Question: What Happens When You Sell A Life Estate?

A person owns property in a life estate only throughout their lifetime.

Beneficiaries cannot sell property in a life estate before the beneficiary’s death.

One benefit of a life estate is that property can pass when the life tenant dies without being part of the tenant’s estate.

Can you sell a life estate?

Although the life tenant can sell the life estate, the buyer would have ownership rights only as long as the original life tenant lived. A remainder interest may also be sold. If a remainderman wants to sell the property, the only way of doing so is to obtain a release of the life estate from the life tenant.

Can you sell a house that is in a life estate?

You can sell or give your home to your children, but keep the right to live in or control the home until you die. When you do this, you keep a “life estate.” When you have a life estate, you are called the “life tenant.” Your child is called the “remainderman.”

Who owns the property in a life estate?

A life estate deed is a legal document that changes the ownership of a piece of real property. The person who owns the real property (in this example, Mom) signs a deed that will pass the ownership of the property automatically upon her death to someone else, known as the “remainderman” (in this example, Son).
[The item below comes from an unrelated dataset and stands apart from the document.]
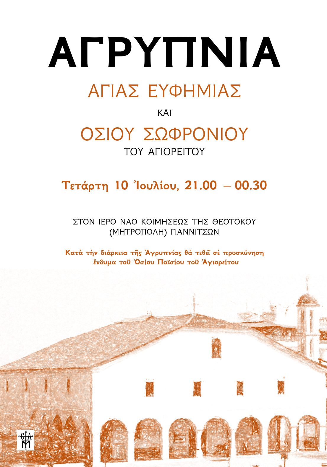 ΑΓΡΥΠΝΙΑ ΑΓΙΑΣ ΕΥΦΗΜΙΑΣ ΚΑΙ ΟΣΙΟΥ ΣΩΦΡΟΝΙΟΥ ΑΓΙΟΡΕΙΤΟΥ ΣΤΑ ΓΙΑΝΝΙΤΣΑ

What happens to a life estate after the person dies?

A life estate allows lifetime use of a home before it passes to the final beneficiaries. A “life estate” occurs when a person has a legal right to use property during life, but does not own the property outright. After the death of the life tenant, the property passes to the named beneficiaries, called “remaindermen.”

What is the value of a life estate?

The value of the life estate is found by going to the Life Estate and Remainder Interest Table here. The value of the life estate is found by taking the value of the property and multiplying it by the life estate factor (a.k.a. life estate rate).

Does a person with a life estate own the property?

A person owns property in a life estate only throughout their lifetime. Beneficiaries cannot sell property in a life estate before the beneficiary’s death. One benefit of a life estate is that property can pass when the life tenant dies without being part of the tenant’s estate.

What are the two types of life estates?

The two types of life estates are: conventional and the legal life estate. grantee, the life tenant. Following the termination of the estate, rights pass to a remainderman or revert to the previous owner.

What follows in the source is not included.